→ **Activity**
Exactly the lines from the start of the data below through the line that contains "Robot Mode: Ransack" are to be copied, with pictures left out.

→ **Data shown**
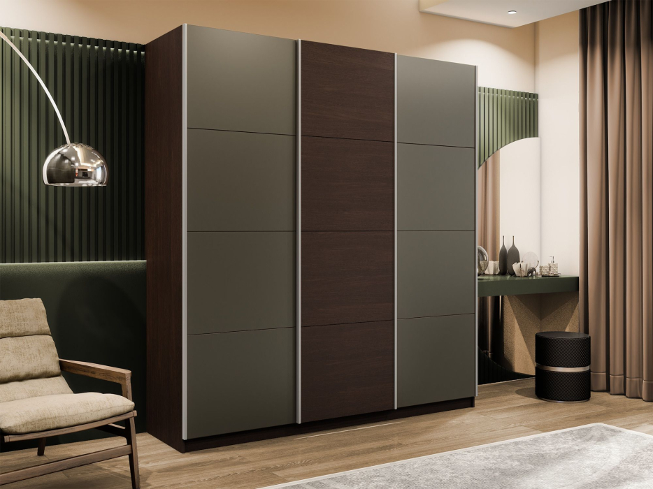 Шкаф-купе Эста 3-х дверный ДСП/Стекла хаки/Доводчик 270х66х240 (Венге мали) Код I0000409024
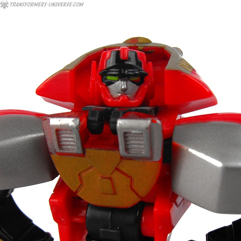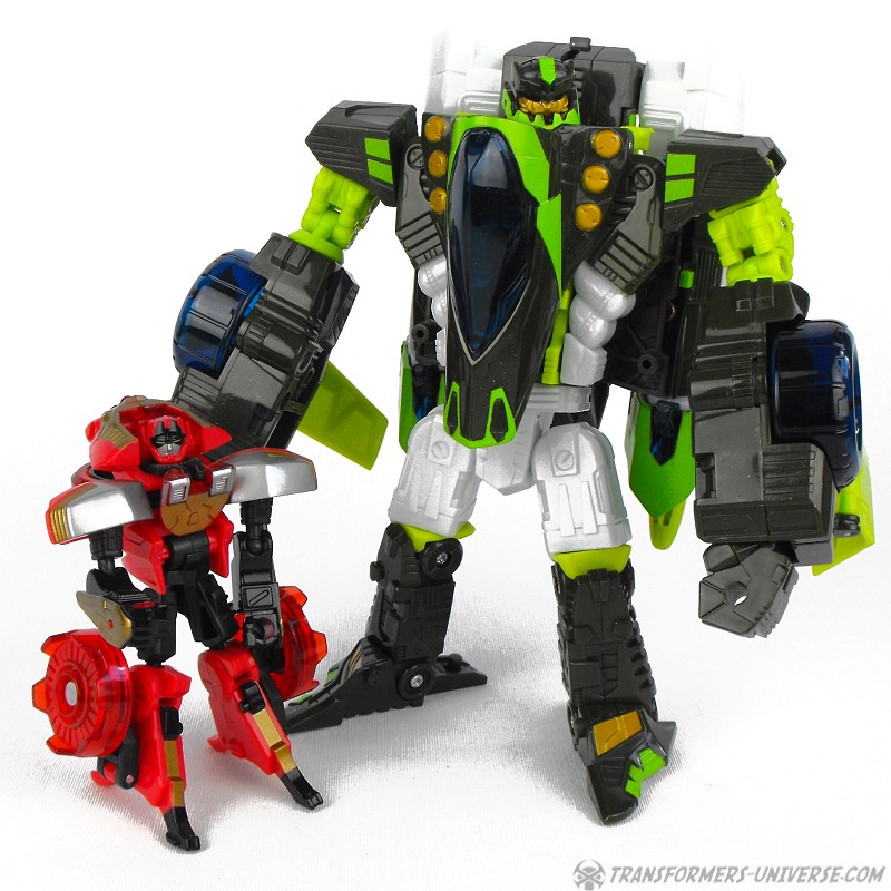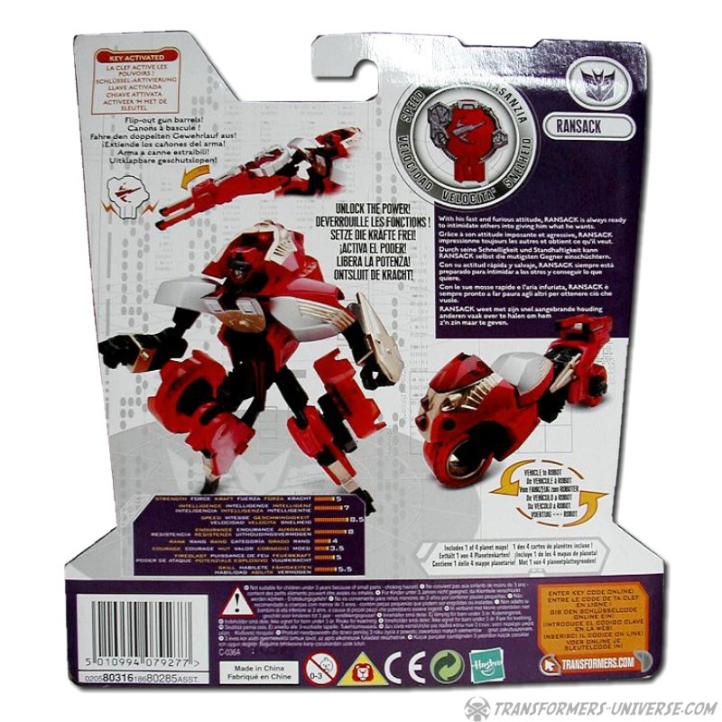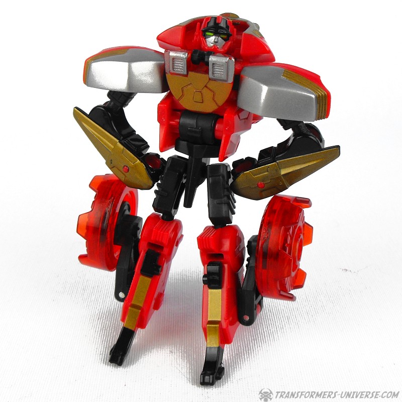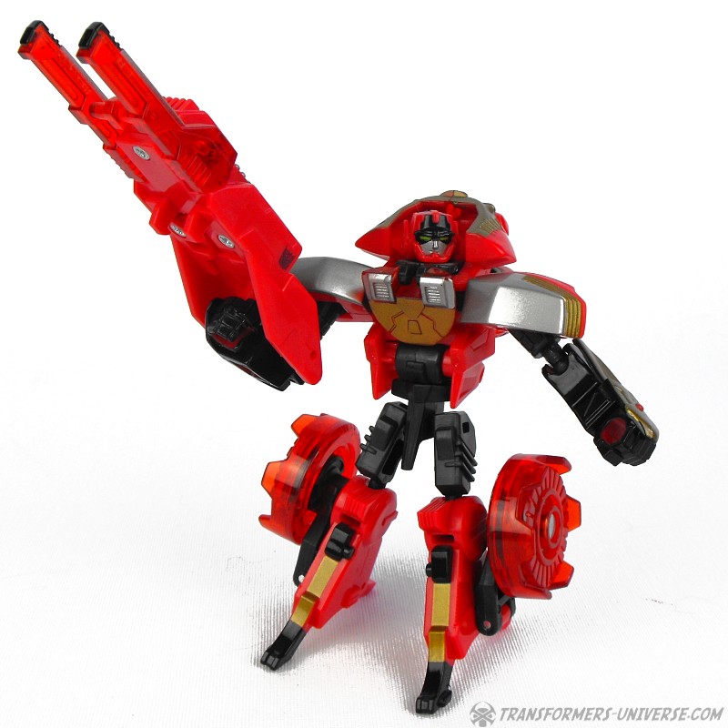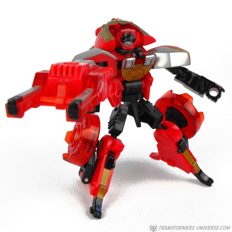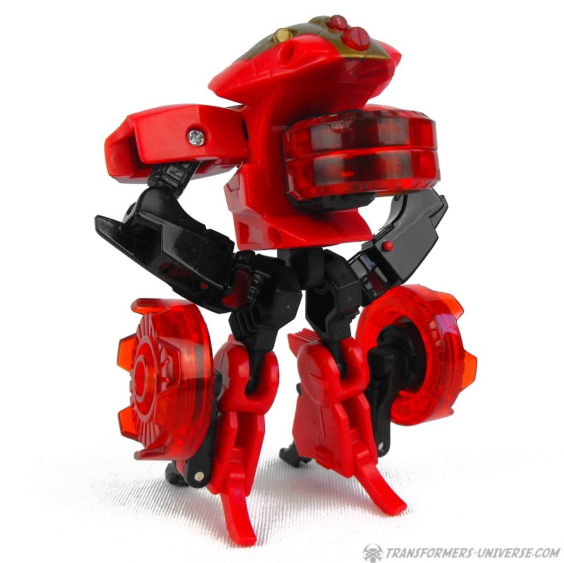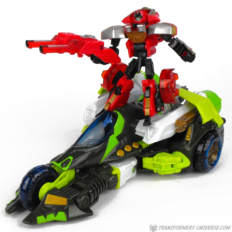 Robot Mode: Ransack in robot mode captures the image of his cartoon character almost perfectly. Small, nimble, a constant smirk on his face, and seemingly looking for trouble all the time. His posability is excellent and I just like his look very much. His weapon, when activated by his cyber key / force chip is pretty big, but that fits his image, too. Looking at how some of the other Transformers who have motorcycle alt mode look, he is probably the best biker bot ever.
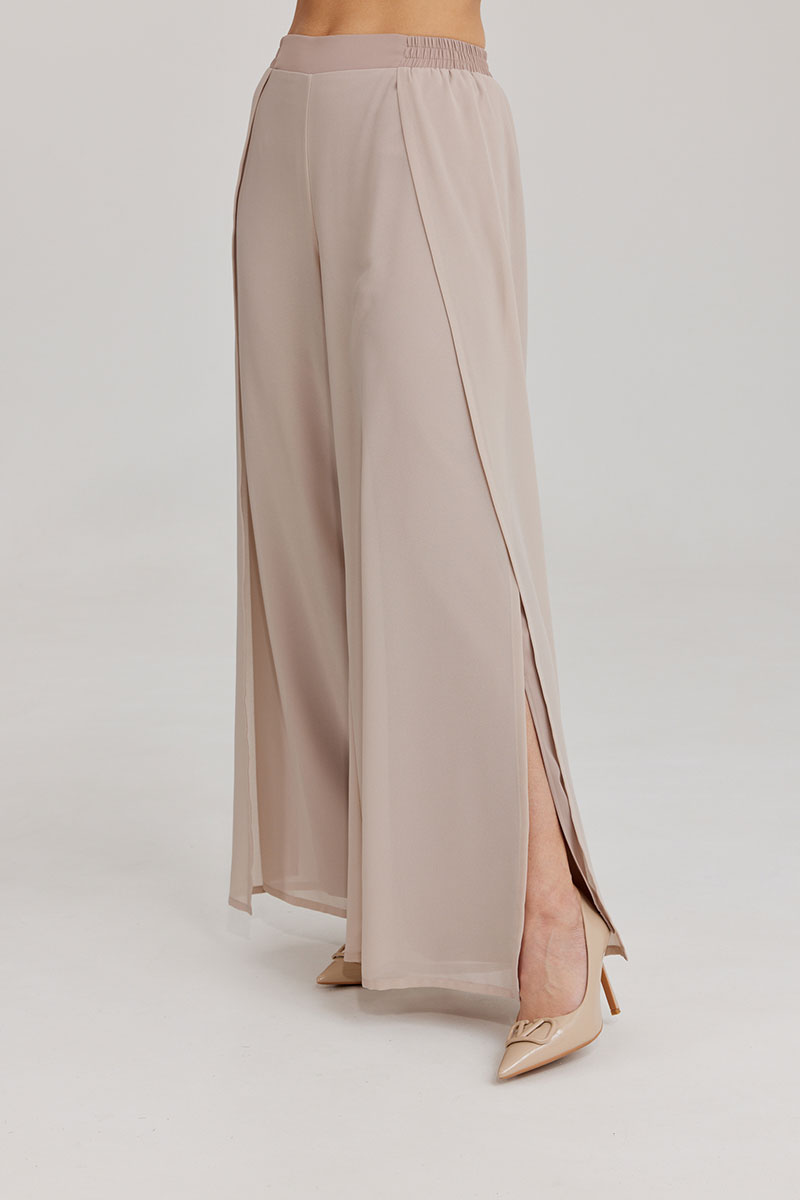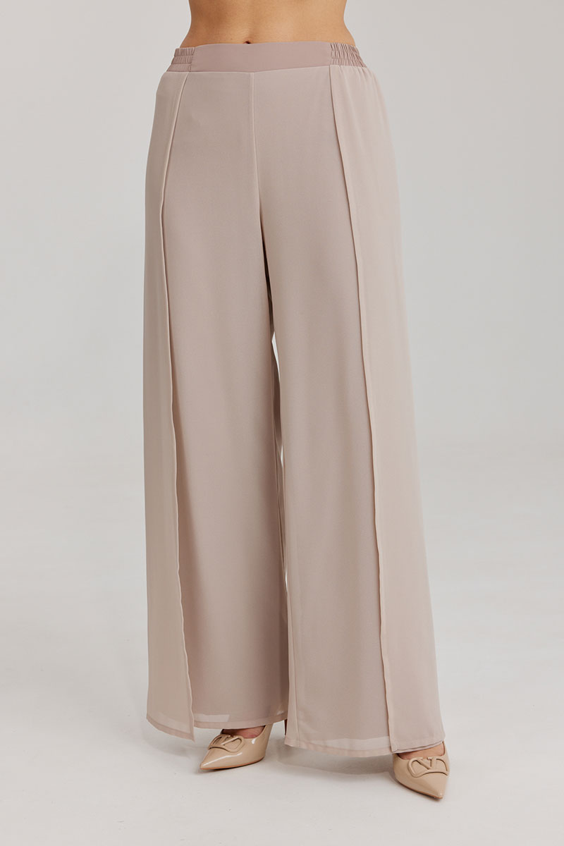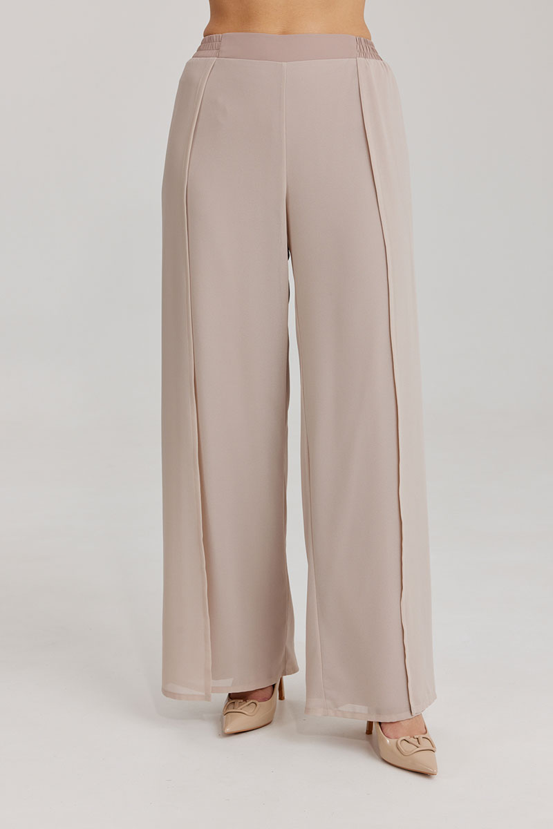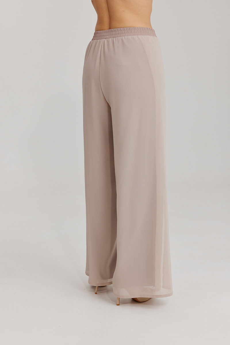 Брюки прямого силуэта, выполнены из шифоновой ткани на подкладке полной длинны. Боковой шов брюк открыт. Синка брюк заходит на перед по верхней части. Подкладка из не просвещающейся креповой ткани. Верх брюк обработан отрезным поясом. Центральная часть пояса без резинки, остальной пояс на резинке. Низ брюк обработан швом « в подгибку».

→ **Solution for this problem**
 Шкаф-купе Эста 3-х дверный ДСП/Стекла хаки/Доводчик 270х66х240 (Венге мали) Код I0000409024
 Robot Mode: Ransack in robot mode captures the image of his cartoon character almost perfectly. Small, nimble, a constant smirk on his face, and seemingly looking for trouble all the time. His posability is excellent and I just like his look very much. His weapon, when activated by his cyber key / force chip is pretty big, but that fits his image, too. Looking at how some of the other Transformers who have motorcycle alt mode look, he is probably the best biker bot ever.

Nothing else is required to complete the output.